Digital Transformation in Manufacturing: Smart Factories and Industry 5.0

Informat Team· 2026-07-11 08:00· 42.4K views
Digital Transformation in Manufacturing: Smart Factories and Industry 5.0

Digital Transformation in Manufacturing: Smart Factories and Industry 5.0

Manufacturing is undergoing its most profound transformation since the assembly line. The convergence of IoT sensors, AI analytics, digital twins, collaborative robotics, and no-code application platforms has created the conditions for a new industrial paradigm — Industry 5.0 — where human intelligence and machine intelligence collaborate to achieve outcomes neither could accomplish alone. According to a June 2026 McKinsey report on Global Manufacturing Digitalization, manufacturers that have fully embraced digital transformation report 30-40% improvements in overall equipment effectiveness (OEE), 25-35% reductions in quality-related costs, and 20-30% decreases in energy consumption.

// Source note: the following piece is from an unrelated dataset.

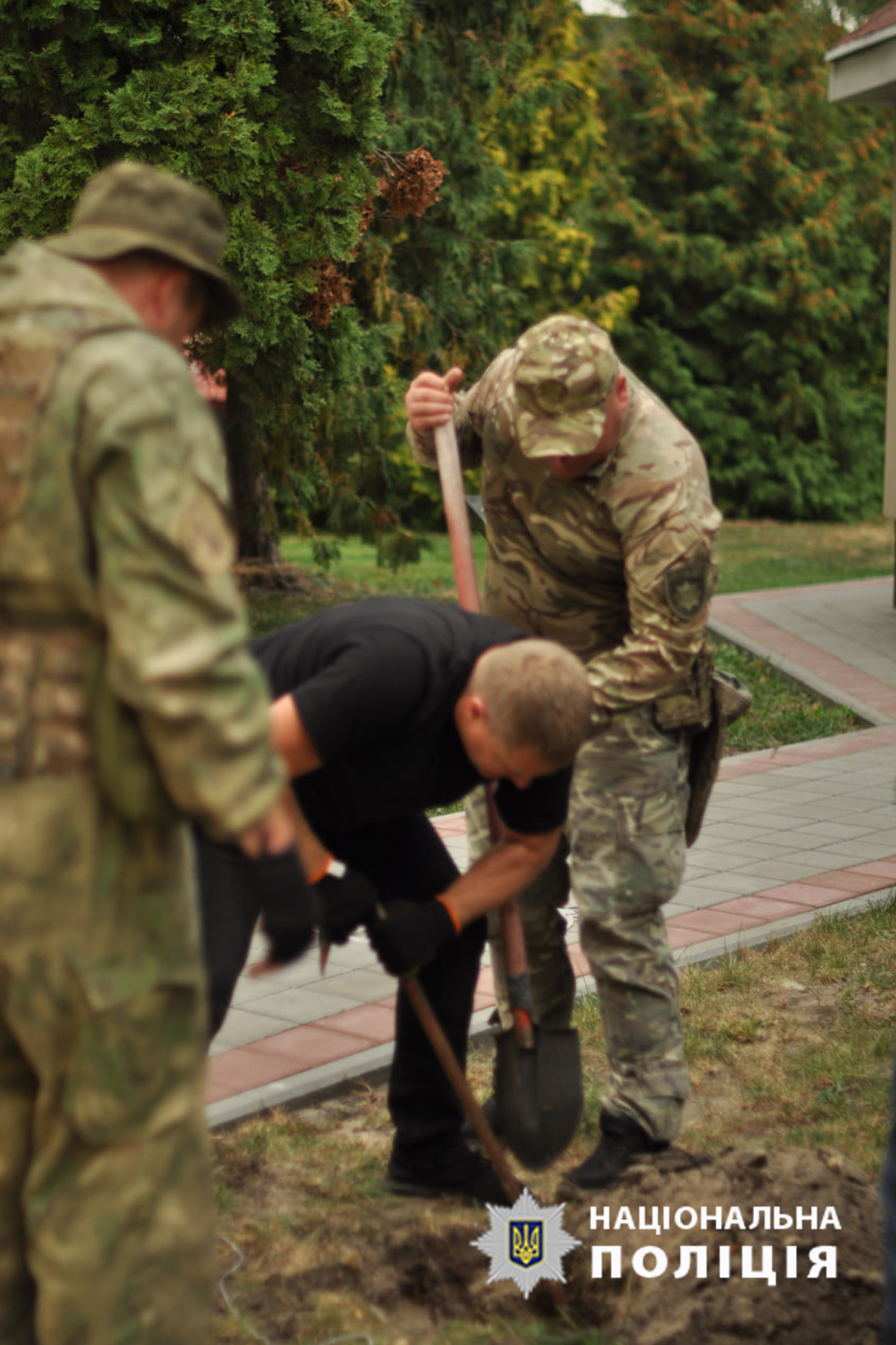 Поліцейські висадили туї, як символ твердості та стійкості, поруч каплиці Покрови Пресвятої Богородиці на території Главку. Загиблих правоохоронців присутні вшанували хвилиною мовчання.

Industry 5.0 represents an evolution beyond Industry 4.0's focus on automation and data exchange. While Industry 4.0 emphasized connecting machines and systems, Industry 5.0 emphasizes the collaboration between those connected systems and the human workers who design, oversee, and improve manufacturing processes. It is a shift from "lights-out" automation to augmented intelligence — equipping workers with AI-powered tools that amplify their capabilities rather than replace them.

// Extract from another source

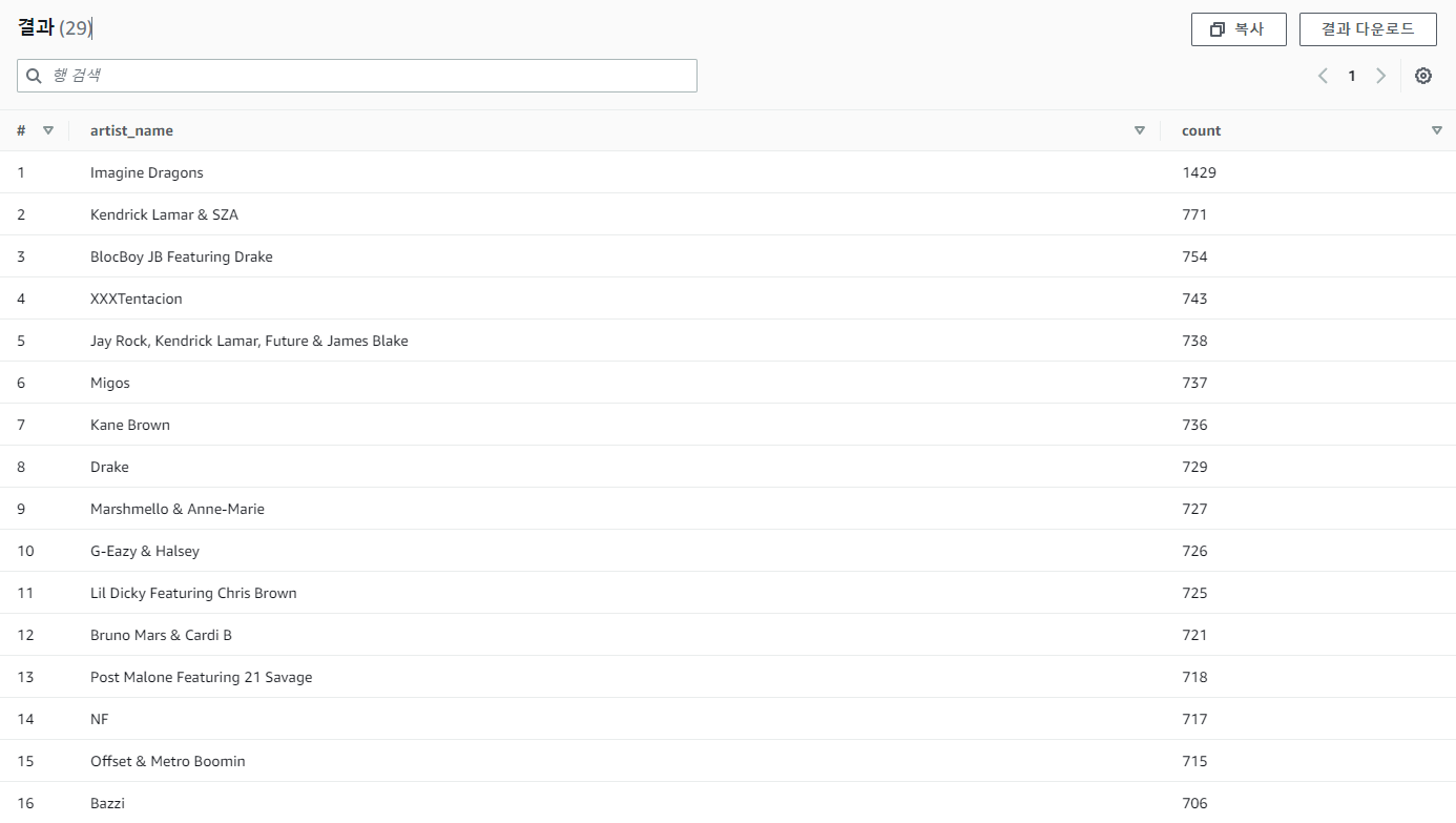 - 그룹화 기준 : artist_name

The Smart Factory Technology Stack

IoT and Edge Computing

Sensors embedded in production equipment, products, and environments generate continuous streams of data about machine health, product quality, energy consumption, and environmental conditions. Edge computing processes this data close to where it is generated — on the factory floor — enabling real-time responses without the latency of cloud round-trips. Modern IoT platforms integrate with low-code and no-code application platforms, enabling manufacturing engineers to build monitoring and alerting applications without specialized programming skills.

Digital Twins

Digital twins — virtual replicas of physical assets, production lines, or entire factories — have moved from experimental technology to mainstream manufacturing tool. By 2026, over 60% of large manufacturers have deployed digital twins for at least one critical production process. Digital twins enable: simulation of process changes before physical implementation (reducing trial-and-error on expensive production equipment), real-time monitoring that compares actual performance against the digital twin's optimal baseline, predictive maintenance that anticipates equipment failures days or weeks in advance, and training of operators and maintenance staff in a risk-free virtual environment.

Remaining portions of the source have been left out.